Work item:
Retype each entry exactly. Skip any pictures.

....

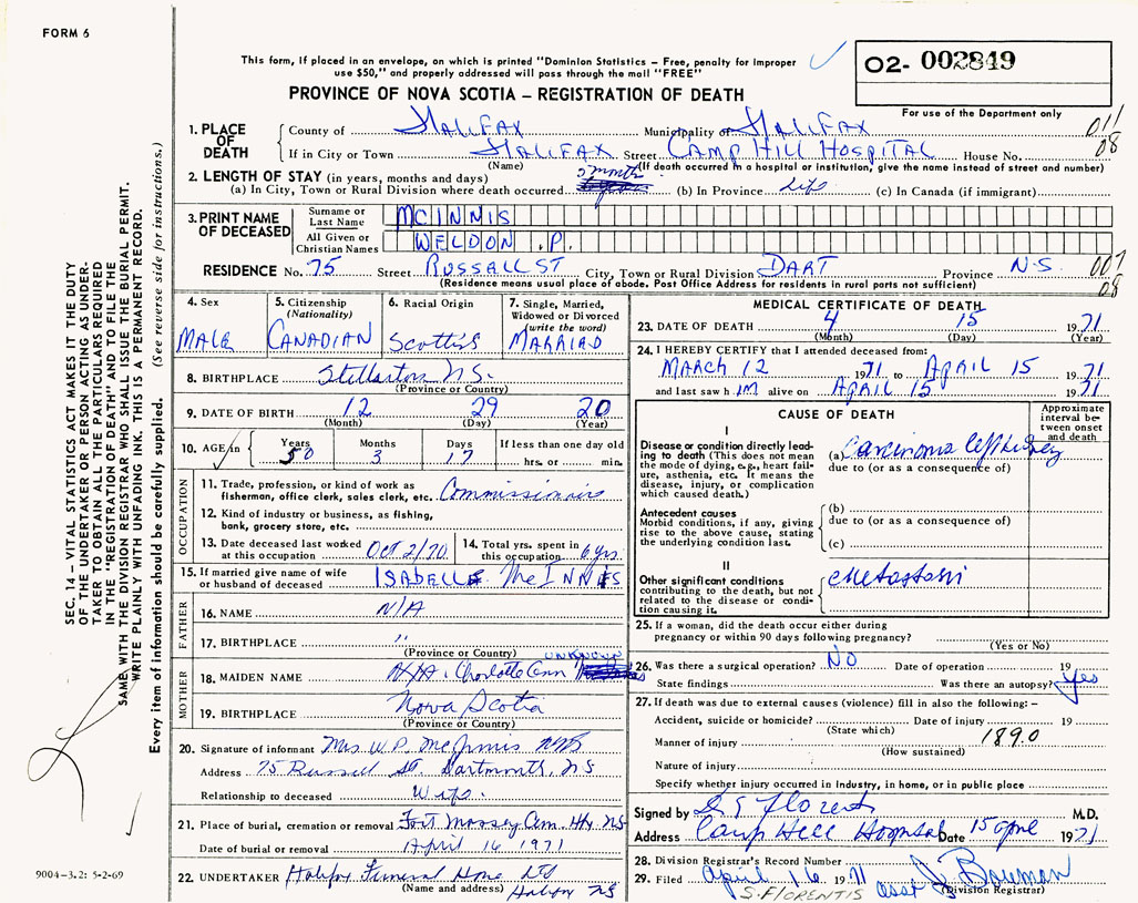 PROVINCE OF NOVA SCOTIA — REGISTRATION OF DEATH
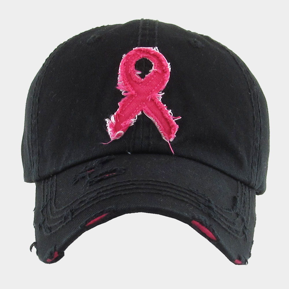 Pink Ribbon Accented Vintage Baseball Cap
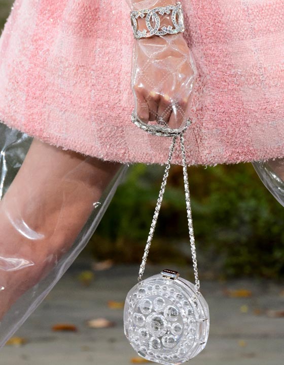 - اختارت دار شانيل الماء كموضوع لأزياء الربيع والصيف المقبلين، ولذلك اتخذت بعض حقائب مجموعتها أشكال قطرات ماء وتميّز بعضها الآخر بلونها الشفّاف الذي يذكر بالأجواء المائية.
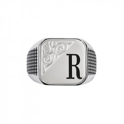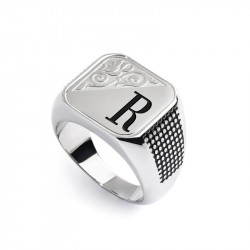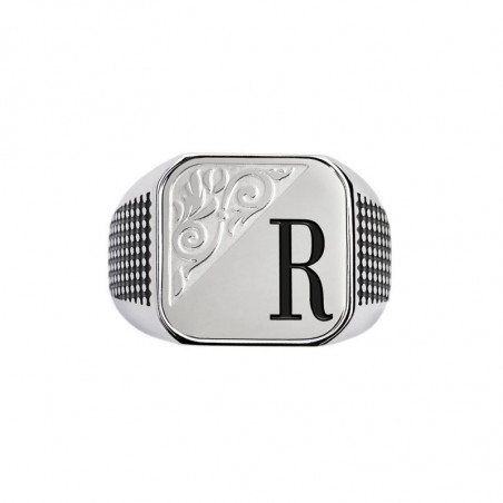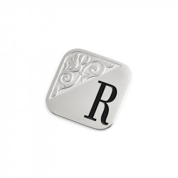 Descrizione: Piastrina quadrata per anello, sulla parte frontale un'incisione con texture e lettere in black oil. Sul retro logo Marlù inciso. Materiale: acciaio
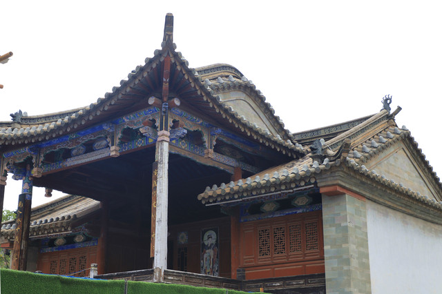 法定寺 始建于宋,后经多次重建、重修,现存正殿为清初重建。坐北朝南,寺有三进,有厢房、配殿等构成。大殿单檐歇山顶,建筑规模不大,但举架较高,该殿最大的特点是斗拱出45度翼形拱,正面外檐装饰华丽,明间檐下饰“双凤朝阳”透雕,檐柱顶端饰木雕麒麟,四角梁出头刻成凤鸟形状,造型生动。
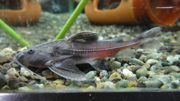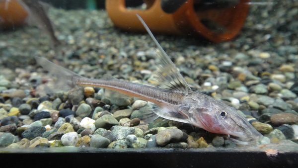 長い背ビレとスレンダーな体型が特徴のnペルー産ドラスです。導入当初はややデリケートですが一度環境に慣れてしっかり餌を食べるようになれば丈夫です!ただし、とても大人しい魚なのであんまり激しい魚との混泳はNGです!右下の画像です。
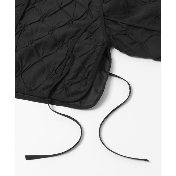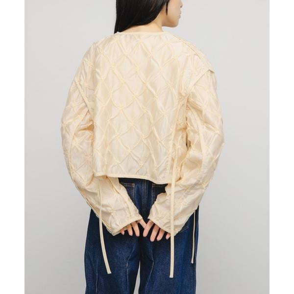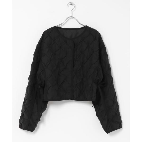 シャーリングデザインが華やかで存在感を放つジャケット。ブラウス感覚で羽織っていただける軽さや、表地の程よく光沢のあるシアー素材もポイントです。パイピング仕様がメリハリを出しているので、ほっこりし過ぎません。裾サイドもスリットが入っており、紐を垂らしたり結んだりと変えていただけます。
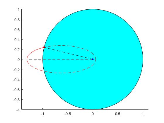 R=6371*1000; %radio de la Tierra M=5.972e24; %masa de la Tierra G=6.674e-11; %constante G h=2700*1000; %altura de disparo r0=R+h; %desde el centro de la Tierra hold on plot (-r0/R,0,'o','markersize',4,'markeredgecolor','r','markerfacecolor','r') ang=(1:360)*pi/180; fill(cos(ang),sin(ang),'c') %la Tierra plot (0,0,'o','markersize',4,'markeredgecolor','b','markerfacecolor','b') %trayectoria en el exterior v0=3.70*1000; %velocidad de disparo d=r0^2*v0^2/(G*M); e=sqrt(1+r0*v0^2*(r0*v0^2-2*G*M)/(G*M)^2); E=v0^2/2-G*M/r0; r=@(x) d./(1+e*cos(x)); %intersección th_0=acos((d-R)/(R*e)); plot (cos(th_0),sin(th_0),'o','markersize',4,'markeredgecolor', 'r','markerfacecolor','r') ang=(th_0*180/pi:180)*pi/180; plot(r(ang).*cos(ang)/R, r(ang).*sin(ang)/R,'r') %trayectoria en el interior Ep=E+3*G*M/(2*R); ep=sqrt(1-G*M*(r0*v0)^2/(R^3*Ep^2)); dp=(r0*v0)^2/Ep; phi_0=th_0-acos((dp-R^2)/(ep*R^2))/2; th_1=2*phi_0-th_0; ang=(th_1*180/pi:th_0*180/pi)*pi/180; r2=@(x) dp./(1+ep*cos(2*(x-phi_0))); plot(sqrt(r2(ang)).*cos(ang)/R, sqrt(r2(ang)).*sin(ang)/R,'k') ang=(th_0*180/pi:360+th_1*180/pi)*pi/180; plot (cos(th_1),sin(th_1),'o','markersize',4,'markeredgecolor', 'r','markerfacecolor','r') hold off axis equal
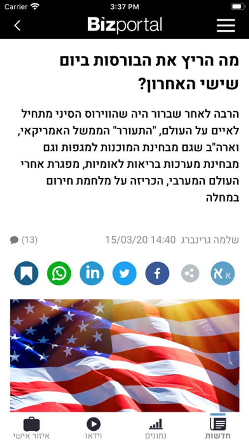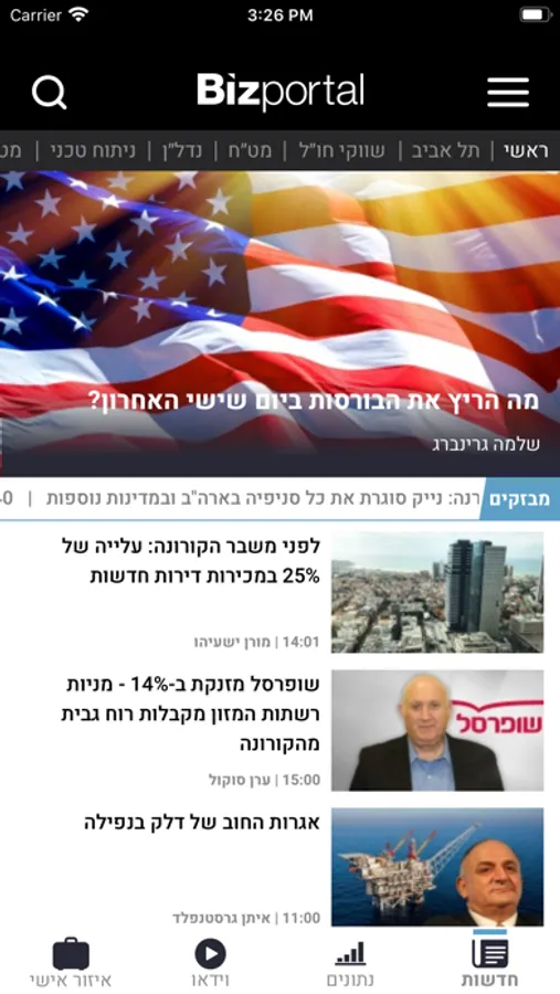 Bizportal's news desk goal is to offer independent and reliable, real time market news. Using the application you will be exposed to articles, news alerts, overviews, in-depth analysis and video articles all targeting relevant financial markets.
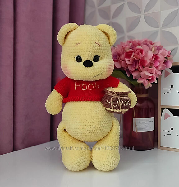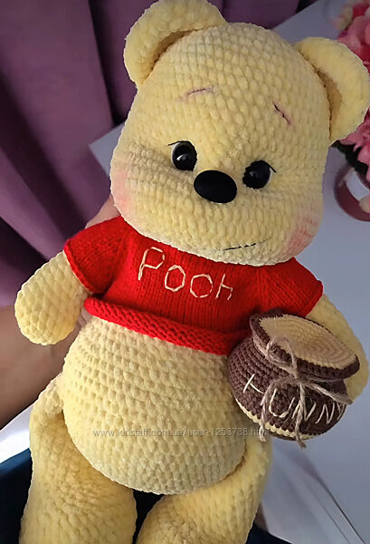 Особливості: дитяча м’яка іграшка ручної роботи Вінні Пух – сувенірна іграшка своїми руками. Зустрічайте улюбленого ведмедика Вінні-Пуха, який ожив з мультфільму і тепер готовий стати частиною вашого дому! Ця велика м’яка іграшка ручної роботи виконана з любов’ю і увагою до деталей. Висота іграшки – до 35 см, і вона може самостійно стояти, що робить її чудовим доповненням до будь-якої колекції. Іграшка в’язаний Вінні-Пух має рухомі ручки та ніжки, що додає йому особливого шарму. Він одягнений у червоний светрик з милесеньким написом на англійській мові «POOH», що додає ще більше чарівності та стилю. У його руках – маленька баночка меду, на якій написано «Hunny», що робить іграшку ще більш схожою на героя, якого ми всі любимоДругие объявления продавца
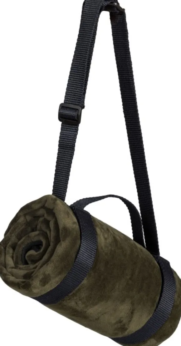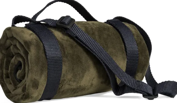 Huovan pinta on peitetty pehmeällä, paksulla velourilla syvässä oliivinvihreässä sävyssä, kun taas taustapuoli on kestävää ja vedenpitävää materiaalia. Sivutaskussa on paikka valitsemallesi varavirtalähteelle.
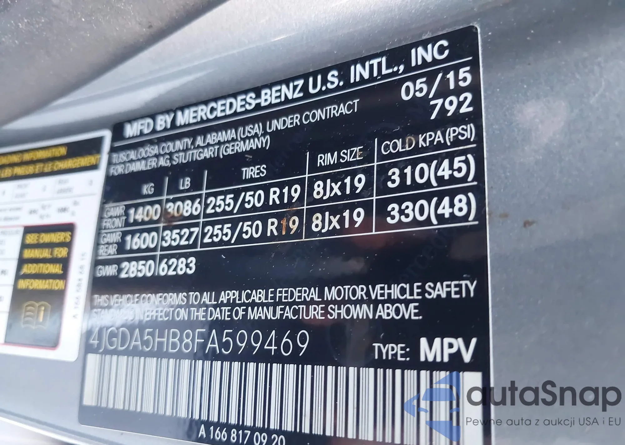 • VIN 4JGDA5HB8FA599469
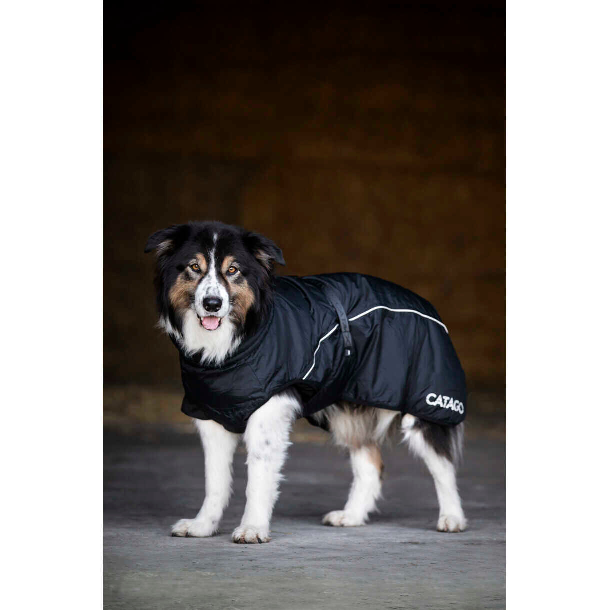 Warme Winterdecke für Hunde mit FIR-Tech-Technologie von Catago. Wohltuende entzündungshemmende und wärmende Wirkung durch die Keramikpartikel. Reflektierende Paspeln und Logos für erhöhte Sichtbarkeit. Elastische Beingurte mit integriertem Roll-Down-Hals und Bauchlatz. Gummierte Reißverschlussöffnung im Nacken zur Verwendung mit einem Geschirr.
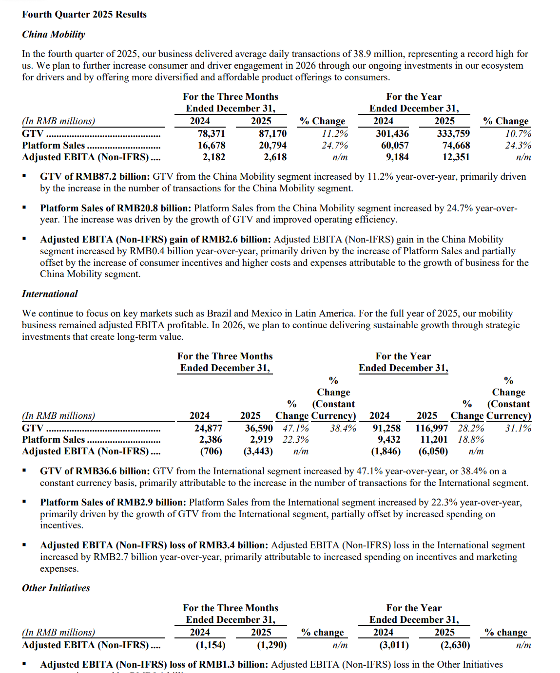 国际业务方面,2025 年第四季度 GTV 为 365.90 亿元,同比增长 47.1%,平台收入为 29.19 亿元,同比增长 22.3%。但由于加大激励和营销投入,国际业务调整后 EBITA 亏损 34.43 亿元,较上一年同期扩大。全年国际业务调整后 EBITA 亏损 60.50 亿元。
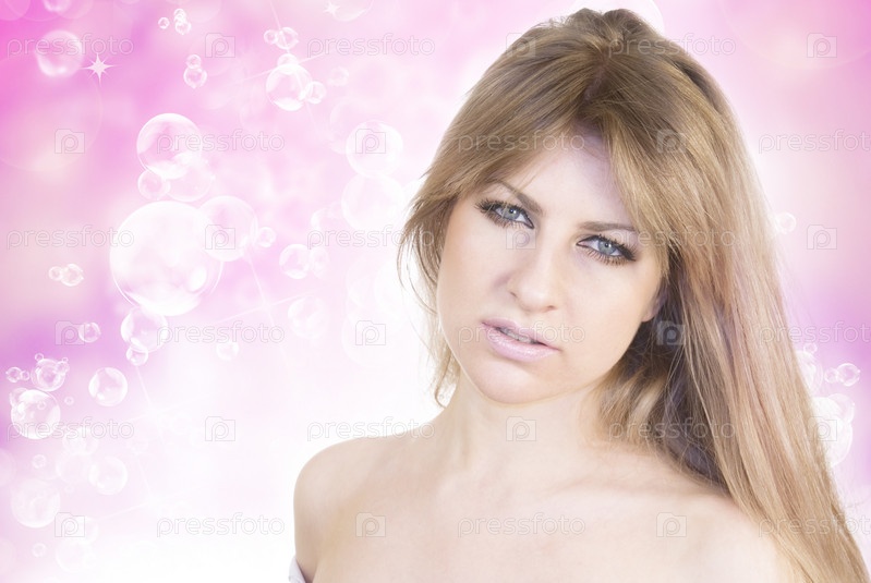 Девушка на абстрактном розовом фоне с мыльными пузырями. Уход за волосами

....

Solution for this task:
 PROVINCE OF NOVA SCOTIA — REGISTRATION OF DEATH
 Pink Ribbon Accented Vintage Baseball Cap
 - اختارت دار شانيل الماء كموضوع لأزياء الربيع والصيف المقبلين، ولذلك اتخذت بعض حقائب مجموعتها أشكال قطرات ماء وتميّز بعضها الآخر بلونها الشفّاف الذي يذكر بالأجواء المائية.
 Descrizione: Piastrina quadrata per anello, sulla parte frontale un'incisione con texture e lettere in black oil. Sul retro logo Marlù inciso. Materiale: acciaio
 法定寺 始建于宋,后经多次重建、重修,现存正殿为清初重建。坐北朝南,寺有三进,有厢房、配殿等构成。大殿单檐歇山顶,建筑规模不大,但举架较高,该殿最大的特点是斗拱出45度翼形拱,正面外檐装饰华丽,明间檐下饰“双凤朝阳”透雕,檐柱顶端饰木雕麒麟,四角梁出头刻成凤鸟形状,造型生动。
 長い背ビレとスレンダーな体型が特徴のnペルー産ドラスです。導入当初はややデリケートですが一度環境に慣れてしっかり餌を食べるようになれば丈夫です!ただし、とても大人しい魚なのであんまり激しい魚との混泳はNGです!右下の画像です。
 シャーリングデザインが華やかで存在感を放つジャケット。ブラウス感覚で羽織っていただける軽さや、表地の程よく光沢のあるシアー素材もポイントです。パイピング仕様がメリハリを出しているので、ほっこりし過ぎません。裾サイドもスリットが入っており、紐を垂らしたり結んだりと変えていただけます。
 R=6371*1000; %radio de la Tierra M=5.972e24; %masa de la Tierra G=6.674e-11; %constante G h=2700*1000; %altura de disparo r0=R+h; %desde el centro de la Tierra hold on plot (-r0/R,0,'o','markersize',4,'markeredgecolor','r','markerfacecolor','r') ang=(1:360)*pi/180; fill(cos(ang),sin(ang),'c') %la Tierra plot (0,0,'o','markersize',4,'markeredgecolor','b','markerfacecolor','b') %trayectoria en el exterior v0=3.70*1000; %velocidad de disparo d=r0^2*v0^2/(G*M); e=sqrt(1+r0*v0^2*(r0*v0^2-2*G*M)/(G*M)^2); E=v0^2/2-G*M/r0; r=@(x) d./(1+e*cos(x)); %intersección th_0=acos((d-R)/(R*e)); plot (cos(th_0),sin(th_0),'o','markersize',4,'markeredgecolor', 'r','markerfacecolor','r') ang=(th_0*180/pi:180)*pi/180; plot(r(ang).*cos(ang)/R, r(ang).*sin(ang)/R,'r') %trayectoria en el interior Ep=E+3*G*M/(2*R); ep=sqrt(1-G*M*(r0*v0)^2/(R^3*Ep^2)); dp=(r0*v0)^2/Ep; phi_0=th_0-acos((dp-R^2)/(ep*R^2))/2; th_1=2*phi_0-th_0; ang=(th_1*180/pi:th_0*180/pi)*pi/180; r2=@(x) dp./(1+ep*cos(2*(x-phi_0))); plot(sqrt(r2(ang)).*cos(ang)/R, sqrt(r2(ang)).*sin(ang)/R,'k') ang=(th_0*180/pi:360+th_1*180/pi)*pi/180; plot (cos(th_1),sin(th_1),'o','markersize',4,'markeredgecolor', 'r','markerfacecolor','r') hold off axis equal
 Bizportal's news desk goal is to offer independent and reliable, real time market news. Using the application you will be exposed to articles, news alerts, overviews, in-depth analysis and video articles all targeting relevant financial markets.
 Особливості: дитяча м’яка іграшка ручної роботи Вінні Пух – сувенірна іграшка своїми руками. Зустрічайте улюбленого ведмедика Вінні-Пуха, який ожив з мультфільму і тепер готовий стати частиною вашого дому! Ця велика м’яка іграшка ручної роботи виконана з любов’ю і увагою до деталей. Висота іграшки – до 35 см, і вона може самостійно стояти, що робить її чудовим доповненням до будь-якої колекції. Іграшка в’язаний Вінні-Пух має рухомі ручки та ніжки, що додає йому особливого шарму. Він одягнений у червоний светрик з милесеньким написом на англійській мові «POOH», що додає ще більше чарівності та стилю. У його руках – маленька баночка меду, на якій написано «Hunny», що робить іграшку ще більш схожою на героя, якого ми всі любимоДругие объявления продавца
 Huovan pinta on peitetty pehmeällä, paksulla velourilla syvässä oliivinvihreässä sävyssä, kun taas taustapuoli on kestävää ja vedenpitävää materiaalia. Sivutaskussa on paikka valitsemallesi varavirtalähteelle.
 • VIN 4JGDA5HB8FA599469
 Warme Winterdecke für Hunde mit FIR-Tech-Technologie von Catago. Wohltuende entzündungshemmende und wärmende Wirkung durch die Keramikpartikel. Reflektierende Paspeln und Logos für erhöhte Sichtbarkeit. Elastische Beingurte mit integriertem Roll-Down-Hals und Bauchlatz. Gummierte Reißverschlussöffnung im Nacken zur Verwendung mit einem Geschirr.
 国际业务方面,2025 年第四季度 GTV 为 365.90 亿元,同比增长 47.1%,平台收入为 29.19 亿元,同比增长 22.3%。但由于加大激励和营销投入,国际业务调整后 EBITA 亏损 34.43 亿元,较上一年同期扩大。全年国际业务调整后 EBITA 亏损 60.50 亿元。
 Девушка на абстрактном розовом фоне с мыльными пузырями. Уход за волосами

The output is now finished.